Introduction

This project was completed as part of my AI course, addressing two machine learning objectives. In the supervised learning component, I utilized Polynomial Ridge Regression to predict a target variable z based on input features x and y. For the unsupervised learning task, I applied Gaussian Mixture Models (GMM) to identify clusters within two datasets, labeled A and B. With a supervised dataset of 50 samples and two undisclosed datasets for unsupervised analysis, my goal was to develop effective models and present the outcomes through clear visualizations. This page outlines my methodology and findings.


How to Run It

Repo: SL-and-UL-machine-learning

Supervised Learning

  • Dependencies:
    pip install scikit-learn numpy pandas
    
  • Steps:
    1. Clone the repo.
    2. To train a model: python3 train_model.py
    3. To visualize results: python3 visualize_model.py
  • Other useful scripts
    1. Generate synthetic data: python3 generate_samples.py
    2. Plot x and y vs. z: python3 xy.py

Unsupervised Learning

  • Done in MATLAB. Needs datasets A and B (not shared here). Run the script to fit GMMs and see cluster plots.

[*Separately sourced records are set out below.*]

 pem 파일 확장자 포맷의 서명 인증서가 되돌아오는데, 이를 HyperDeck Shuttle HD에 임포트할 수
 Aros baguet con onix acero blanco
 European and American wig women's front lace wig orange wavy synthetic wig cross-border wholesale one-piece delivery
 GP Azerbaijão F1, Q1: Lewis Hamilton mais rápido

Supervised Learning: Polynomial Ridge Regression

Task

I was provided with three CSV files: x and y as input attributes and z as the target variable. Each contains 50 float values in a single row. The task was to select a supervised learning method, train multiple models, and predict z for unseen data, outputting the results to z-predicted.csv.

Approach

I first wanted to visualize what I was working with to see if there were any trends or patterns I could identify. I stacked x and y into a 50x2 matrix and plotted them against z with a quick matplotlib script:

xy.jpg

Immediately what stood out to me was that this data was non-linear and followed a cubic trend. This meant I could use Polynomial Regression to follow the polynomial function. Because it’s cubic, that means I would use a degree 3 to match the curve. But there’s also slight noise in the data, and a plain linear regressor would risk overfitting. So we need a way to regularize against this. This is when I discovered Ridge Regression, but first to demonstrate, here is an example of a trained model that utilizes a linear regressor (alpha=0, no regularization):

XY-alpha=0.jpg

The predicted z values (red) align exactly with the original data which is a clear sign of severe overfitting. This is where ridge regression can come in to smooth out the predictions and more closely follow an underlining trend. Ridge adds an L2 penalty via an alpha constant. A higher alpha means more noise control. I ran a couple more tests to find an optimal alpha constant [10, 25, 100, 1000]:

XY-alpha=10.jpg XY-alpha=25.jpg XY-alpha=100.jpg XY-alpha=1000.jpg

I thought alpha=25 provided a great balance between an overfit and underfit risk among all other cases I tested.

Training and Testing

I trained 5 models with degree 3 and alpha=25, each with a different random seed to account for variability. My trainingn splits were 80% train and 20% test. I picked the one with the lowest test MSE for simplicity. To double-check, I compared it against alpha=0, 10, 100, etc., and 25 still provided optimal results.

Since the z values were extremely large (in the billion) in comparison to the x and y values, I decided to use StandardScaler to normalize all values, then unscale predictions to match the original scale.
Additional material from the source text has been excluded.